La maladie de Verneuil touche 1% à 4% de la population

Souvent longue à être diagnostiquée, cette maladie de peau augmente les risques cardio-vasculaires.

Maladie inflammatoire chronique de la peau, le psoriasis s’accompagne d’un risque cardio-vasculaire accru. Il semblerait que ce soit également le cas pour une autre pathologie dermatologique moins connue mais tout aussi invalidante: la maladie de Verneuil.

Cette maladie chronique qui débute après la puberté se manifeste par des nodules douloureux et des abcès. La cause n’en est pas entièrement connue. L’atteinte initiale serait une occlusion du follicule pilo-sébacé avec une inflammation secondaire.

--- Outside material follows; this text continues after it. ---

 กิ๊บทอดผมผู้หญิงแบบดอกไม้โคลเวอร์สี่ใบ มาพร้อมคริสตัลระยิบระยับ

Ces lésions vont se développer dans les régions riches en glandes apocrines, c’est-à-dire au niveau des aisselles, des plis de l’aine, des seins, des parties génitales, des fesses… Les termes d’hidradénite suppurée, d’hidrosadénite suppurée ou d’acné inversée sont également utilisés.

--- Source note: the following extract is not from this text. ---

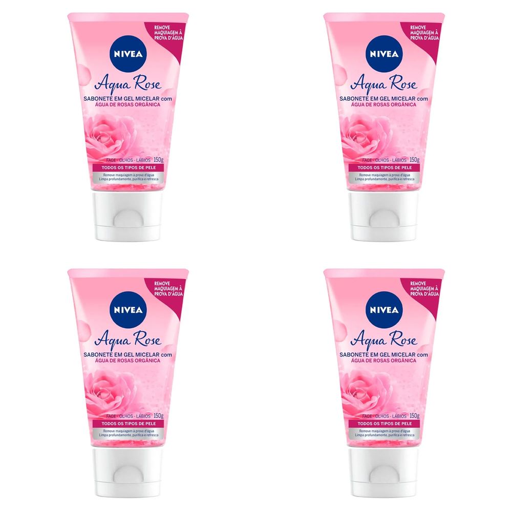 Kit c/4 Sabonetes Nivea Micellair Gel Facial Água De Rosas 150ml

Une qualité de vie dégradée

«Les patients sont plus souvent des femmes. Leur qualité de vie et leur vie sexuelle sont particulièrement dégradées», souligne le professeur Annabel Maruani, dermatologue au CHU de Tours. Le diagnostic est essentiellement clinique et se fait souvent plus de 5 ans avant le début de la maladie. «Ce retard est quasi inévitable. Le diagnostic est en effet clinique et au début de la maladie, lorsqu’il n’y a que 1 ou 2 lésions elles peuvent être confondues avec un furoncle, un abcès, une folliculite. Ensuite, c’est une maladie dont les gens ont honte. Ils ont du mal à nous montrer leurs lésions», ajoute-t-elle.

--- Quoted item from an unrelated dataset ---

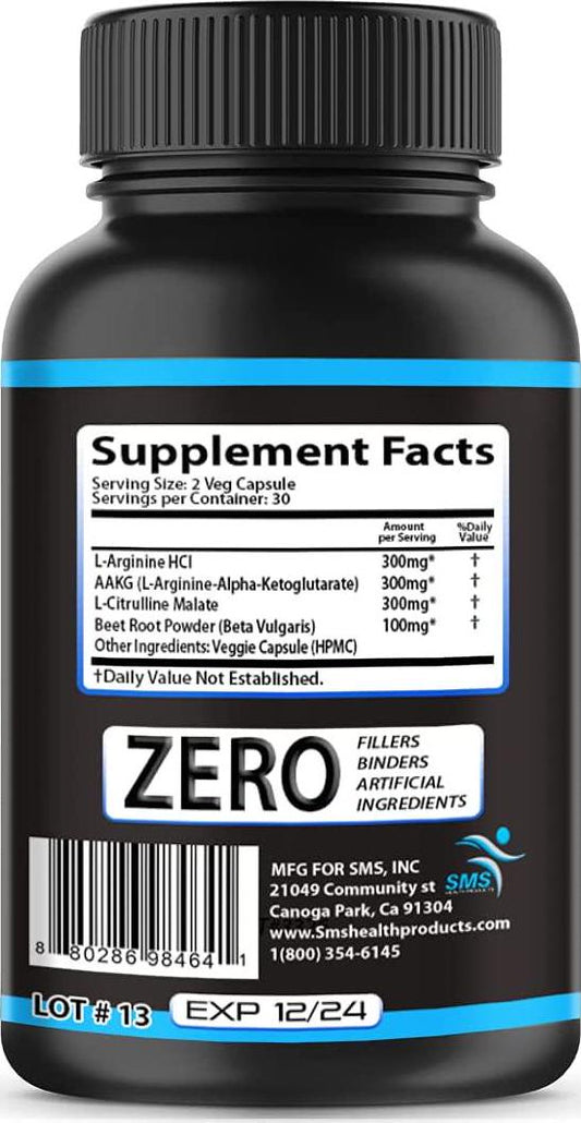 L-Arginine Capsules by SMS for Protein Building and Nitric Oxide Boosts | Beet Root Powder for Vascularity and Growth | 60 Capsules

Certaines formes vont rester modérées et seront soignées avec des antibiotiques, mais la maladie peut également évoluer progressivement vers une forme invalidante qui nécessitera un traitement chirurgical. Il s’agit alors d’enlever les lésions et les glandes apocrines afin d’éviter les récidives, ce qui se révèle efficace. Depuis quelques mois, Humira, un anti TNF alpha, est également autorisé lorsque les traitements conventionnels ne font pas effet. Il diminue le nombre de lésions mais n’est pas efficace chez tous les patients.

Le risque de mortalité par infarctus ou par AVC qui augmente chez les patients atteints de la maladie de Verneuil est souligné par une étude publiée sur le site internet du JAMA Dermatology. Les chercheurs montrent que le risque serait même plus élevé que pour les patients atteints de psoriasis sévère. «Nous savions que, parmi les personnes atteintes de la maladie de Verneuil, il y avait plus de fumeurs, plus d’obèses et plus de personnes atteintes de syndrome métabolique. Mais cette étude montre qu’il y a une surmortalité par AVC et infarctus, indépendamment des comorbidités associées», analyse encore le Pr Annabel Maruani.

Pour le docteur Pierre Raphael, cardiologue à la clinique Saint-Gatien de Tours, ces résultats incitent à proposer un dépistage systématique et répété des cardiopathies ischémiques aux patients atteints la maladie de Verneuil et ayant un autre facteur de risque cardio-vasculaire. «En sachant qu’une majorité d’entre eux fume», précise le Pr Annabel Maruani et peine à s’arrêter. Une donnée à prendre en considération car la maladie de Verneuil est une maladie fréquente: elle touche entre 1 et 4% de la population française, soit autant que le psoriasis, selon la Société française de dermatologie.